By Jonathan Bernstein / Bloomberg Opinion
How worried should we be about the fate of U.S. democracy? The party that might gain control of Congress after this week’s election has nominated hundreds of candidates in state, local and national races who falsely claim the 2020 election was fraudulent; uses extreme rhetoric that inspires violence; and has a de facto leader who doesn’t hesitate to undermine the rule of law. The threat to the republic from the Republican Party is very real.
Political scientists say the U.S. is confronting events abnormal in a democracy. While the Jan. 6 siege on the Capitol was an especially prominent and terrifying example, there are myriad disturbing gestures every day.
Consider, for example, statements such as those made last week by Wisconsin Republican gubernatorial candidate Tim Michels, who asserted that if he wins, the party will “never lose another election.” That kind of rhetoric is especially alarming coming from a candidate who has pledged to change how elections are run.
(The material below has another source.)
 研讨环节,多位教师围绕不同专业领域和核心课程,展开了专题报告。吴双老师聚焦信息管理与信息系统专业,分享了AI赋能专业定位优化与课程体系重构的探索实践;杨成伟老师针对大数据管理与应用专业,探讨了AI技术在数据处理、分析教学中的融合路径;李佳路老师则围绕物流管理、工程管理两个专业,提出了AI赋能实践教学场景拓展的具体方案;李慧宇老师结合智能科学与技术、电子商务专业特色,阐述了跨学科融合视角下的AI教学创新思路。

It is also not the way candidates in healthy democracies talk. Indeed, a definition of democracy is that there is occasional rotation of parties in office. Too often, it appears that Republicans consider any election won by a Democrat to be inherently fraudulent.
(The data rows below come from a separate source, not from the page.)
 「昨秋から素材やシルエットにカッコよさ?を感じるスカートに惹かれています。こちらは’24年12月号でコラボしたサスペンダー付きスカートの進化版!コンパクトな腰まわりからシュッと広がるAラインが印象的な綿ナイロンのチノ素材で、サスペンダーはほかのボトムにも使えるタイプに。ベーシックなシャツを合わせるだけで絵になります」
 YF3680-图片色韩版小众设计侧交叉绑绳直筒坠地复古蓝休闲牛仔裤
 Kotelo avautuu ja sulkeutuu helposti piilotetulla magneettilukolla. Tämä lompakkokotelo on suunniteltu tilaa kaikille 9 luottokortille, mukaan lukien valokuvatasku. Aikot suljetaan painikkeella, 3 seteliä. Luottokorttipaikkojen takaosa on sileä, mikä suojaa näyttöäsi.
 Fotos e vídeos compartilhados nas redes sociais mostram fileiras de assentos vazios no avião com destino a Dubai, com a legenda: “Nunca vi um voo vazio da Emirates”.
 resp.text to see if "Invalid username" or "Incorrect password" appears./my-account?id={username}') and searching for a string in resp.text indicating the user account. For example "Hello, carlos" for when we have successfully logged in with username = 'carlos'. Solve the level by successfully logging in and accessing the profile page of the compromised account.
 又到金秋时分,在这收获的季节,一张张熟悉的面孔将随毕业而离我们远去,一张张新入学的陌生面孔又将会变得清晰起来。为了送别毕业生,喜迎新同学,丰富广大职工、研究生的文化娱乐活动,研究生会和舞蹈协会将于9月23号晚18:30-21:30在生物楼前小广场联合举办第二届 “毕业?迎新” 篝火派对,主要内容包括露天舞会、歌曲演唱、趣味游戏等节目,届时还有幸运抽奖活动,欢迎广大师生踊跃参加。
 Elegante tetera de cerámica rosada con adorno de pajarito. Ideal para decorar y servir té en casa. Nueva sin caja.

So what will determine whether democracy withstands these assaults, both small and large? If the rule of law is to survive, it will almost certainly take action from Republicans themselves.
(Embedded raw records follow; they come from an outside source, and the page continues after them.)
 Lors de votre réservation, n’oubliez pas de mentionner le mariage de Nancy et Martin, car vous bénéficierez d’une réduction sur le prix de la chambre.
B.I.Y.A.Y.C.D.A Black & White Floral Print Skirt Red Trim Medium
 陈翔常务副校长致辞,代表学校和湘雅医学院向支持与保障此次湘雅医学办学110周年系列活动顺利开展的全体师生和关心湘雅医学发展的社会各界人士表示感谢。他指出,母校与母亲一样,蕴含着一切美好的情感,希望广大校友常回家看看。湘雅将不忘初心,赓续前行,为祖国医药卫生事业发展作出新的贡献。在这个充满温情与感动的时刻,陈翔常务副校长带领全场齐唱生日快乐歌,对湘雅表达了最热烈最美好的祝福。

The group with the most leverage are Republicans who are largely committed to the values in the Constitution and who have at times stood up to others in their party. That includes everyone from former Vice President Mike Pence to about half the Republicans currently in the Senate to quite a few Republican judges.
After this week’s election and in 2024 and beyond, they will need to strongly oppose any efforts to undermine elections in which Republicans fall short and cry fraud. The more Republicans unify around supporting democracy, the more likely they are to succeed in defeating attempts to undermine it.
And then there are the candidates currently running under the false banner of election fraud. It might turn out that while they were willing to push things very far, they, too, have lines they won’t cross.
That was the case when former President Donald Trump attempted to overturn the 2020 election and discovered that Republicans such as Georgia Gov. Brian Kemp and Secretary of State Brad Raffensperger as well as U.S. Attorney General William Barr and a host of state legislators and Republican judges weren’t willing to go along. Many of them weren’t exactly friends of a robust democracy before November 2020, but when push came to shove they weren’t going to support a coup. Their decisions left Trump with mostly a collection of oddballs and outcasts to help him pursue his quest to remain in office despite the election results.
Unfortunately, some of Trump’s enablers are members of Congress and federal judges, and more will be in elective office next year. It’s possible that they will seek to subvert elections and undermine the rule of law. On the other hand, some new officials may find it less appealing to label as fraudulent elections that they themselves administered. We don’t know. Some of them may not know.
Not all the signals are grim. Political scientist Sean Westwood observes that both Democrats and Republicans “dramatically overestimate the extent to which the other side support[s] democratic norms violations.” A report by Bright Line Watch, a group that monitors democratic practices, found that political scientists who are experts on democracy actually had more confidence in the future of U.S. democracy than did ordinary voters of either party. While no one should take the threats to the republic lightly, panic is the wrong response.
(Political scientist Julia Azari makes the shrewd point that scare talk focused only on the importance of midterm elections — though understandable for Democrats looking to increase participation right now — may have the perverse effect of convincing democrats from both parties that if Trump allies win the elections, there’s nothing that can be done — when in fact political action can be important between elections as well as during them.)
Indeed, while a more successful version of Trump’s attempted coup can’t be ruled out, another possibility is democratic erosion that never progresses to full-on authoritarianism. Instead, democratic principles get chipped away at: Barriers to voting grow in certain places; political violence and the threat of violence dissuade more people from participating in politics or civic life; more states experience extreme gerrymanders; a Supreme Court majority that isn’t reflective of the electorate becomes even more willing to exercise partisan preferences.
Republicans would have nothing close to absolute rule, but they might acquire substantial, enduring advantages not at all compatible with a robust republic. For real democracy to survive more Republicans will have to go beyond just drawing a line short of an armed coup. If they do, there is every possibility that they — and the nation — will succeed.
Jonathan Bernstein is a Bloomberg Opinion columnist covering politics and policy. A former professor of political science at the University of Texas at San Antonio and DePauw University, he wrote A Plain Blog About Politics.